Comme vous l’avez compris, The Lost Crown est avant tout un jeu d’exploration, de plateforme et de combat, le tout dans une ambiance musicale qui colle bien au jeu même si on peut regretter qu’elle ne soit pas un peu plus marquante. Nous n’avons pas de titre qui resteront en mémoire et pourtant, Ubisoft a fait appel à un duo de choc : l’artiste Iranienne Samar Rad alias Mentrix d’un côté et Gareth Coker (qui a travaillé sur Ori and the will of the wisp ou encore Mario + Lapins Crétins Sparks of Hope) et de l’autre pour renouer avec le côté oriental de la saga tout en n’oubliant pas le passif rock orchestral de la licence.

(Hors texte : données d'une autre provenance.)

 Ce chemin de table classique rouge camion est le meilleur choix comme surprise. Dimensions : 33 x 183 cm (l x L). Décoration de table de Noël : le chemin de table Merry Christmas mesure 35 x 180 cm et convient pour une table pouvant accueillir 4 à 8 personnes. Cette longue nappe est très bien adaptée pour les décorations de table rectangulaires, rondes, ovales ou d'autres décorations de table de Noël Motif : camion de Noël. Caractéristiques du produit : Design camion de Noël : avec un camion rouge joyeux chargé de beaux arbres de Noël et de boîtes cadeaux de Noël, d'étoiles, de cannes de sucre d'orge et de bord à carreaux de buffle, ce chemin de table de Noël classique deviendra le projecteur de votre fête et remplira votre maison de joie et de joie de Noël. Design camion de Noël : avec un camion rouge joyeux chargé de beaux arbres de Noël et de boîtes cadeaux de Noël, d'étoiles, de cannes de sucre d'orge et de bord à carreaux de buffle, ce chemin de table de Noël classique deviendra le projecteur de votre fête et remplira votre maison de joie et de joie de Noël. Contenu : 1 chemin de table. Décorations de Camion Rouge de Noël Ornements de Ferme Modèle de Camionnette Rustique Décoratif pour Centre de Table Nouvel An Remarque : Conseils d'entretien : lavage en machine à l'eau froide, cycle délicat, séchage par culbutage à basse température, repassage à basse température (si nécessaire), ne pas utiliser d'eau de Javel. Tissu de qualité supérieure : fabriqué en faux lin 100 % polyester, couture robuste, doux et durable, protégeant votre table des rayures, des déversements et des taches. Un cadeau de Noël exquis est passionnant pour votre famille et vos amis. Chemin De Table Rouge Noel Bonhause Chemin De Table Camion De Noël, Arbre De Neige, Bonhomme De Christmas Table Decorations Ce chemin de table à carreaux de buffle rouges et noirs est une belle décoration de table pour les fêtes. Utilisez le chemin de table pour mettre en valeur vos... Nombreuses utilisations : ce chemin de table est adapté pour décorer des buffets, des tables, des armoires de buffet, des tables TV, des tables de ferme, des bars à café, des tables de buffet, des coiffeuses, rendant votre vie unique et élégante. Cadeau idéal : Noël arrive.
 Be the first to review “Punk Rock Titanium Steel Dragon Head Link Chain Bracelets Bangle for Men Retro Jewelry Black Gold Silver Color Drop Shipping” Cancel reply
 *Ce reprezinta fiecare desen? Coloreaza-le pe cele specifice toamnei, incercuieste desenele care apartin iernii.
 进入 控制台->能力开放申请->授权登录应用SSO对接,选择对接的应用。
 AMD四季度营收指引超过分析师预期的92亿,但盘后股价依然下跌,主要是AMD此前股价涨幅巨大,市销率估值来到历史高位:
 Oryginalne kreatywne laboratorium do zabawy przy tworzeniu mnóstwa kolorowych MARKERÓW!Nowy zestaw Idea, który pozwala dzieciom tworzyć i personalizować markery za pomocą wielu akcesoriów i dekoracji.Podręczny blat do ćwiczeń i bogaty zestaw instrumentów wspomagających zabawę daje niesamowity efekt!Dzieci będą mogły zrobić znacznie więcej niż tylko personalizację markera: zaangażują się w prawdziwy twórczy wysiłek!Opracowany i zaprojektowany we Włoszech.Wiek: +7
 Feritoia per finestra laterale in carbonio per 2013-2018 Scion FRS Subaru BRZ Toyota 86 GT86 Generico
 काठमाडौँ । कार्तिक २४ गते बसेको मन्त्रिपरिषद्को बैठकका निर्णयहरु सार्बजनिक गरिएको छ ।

Nous remarquons aussi qu’il ont aussi pensé à inclure des « fragments de mémoire« , qui est un marqueur de zone qui vous permet de prendre une zone en photo afin de pouvoir y revenir plus tard, ce qui peut s’avérer très utile du fait de retours incessants entre les zones, ne serait-ce que pour combattre et engranger de la monnaie, ou en attendant d’avoir la compétence adéquate.. D’autant plus qu’il y a très peu de voyage rapide entre les zones (est-ce un choix assumé des studios à pousser vers l’ exploration ?!).
Pour conclure, il est certain que le Prince of Persia The Lost Crown est loin de son côté originel et que le choix d’un metroidvania ne fera pas l’unanimité des joueurs. Même s’il est loin d’être un triple A, il a tout d’un très bon titre auquel on prend un réel plaisir à jouer et errer, tout en combattant ,virevoltant, glissant sous les ennemis pour mieux les vaincre.
Même si certains choix auraient pu être améliorés, comme une histoire un peu plus travaillée, ou avoir des dialogues sous forme de cinématiques ,l’expérience In Game reste immersive ,jouissive et prenante. C’est un premier pas prometteur pour Ubisoft dans ce type de jeu dans lequel on ne l’attendait pas forcément.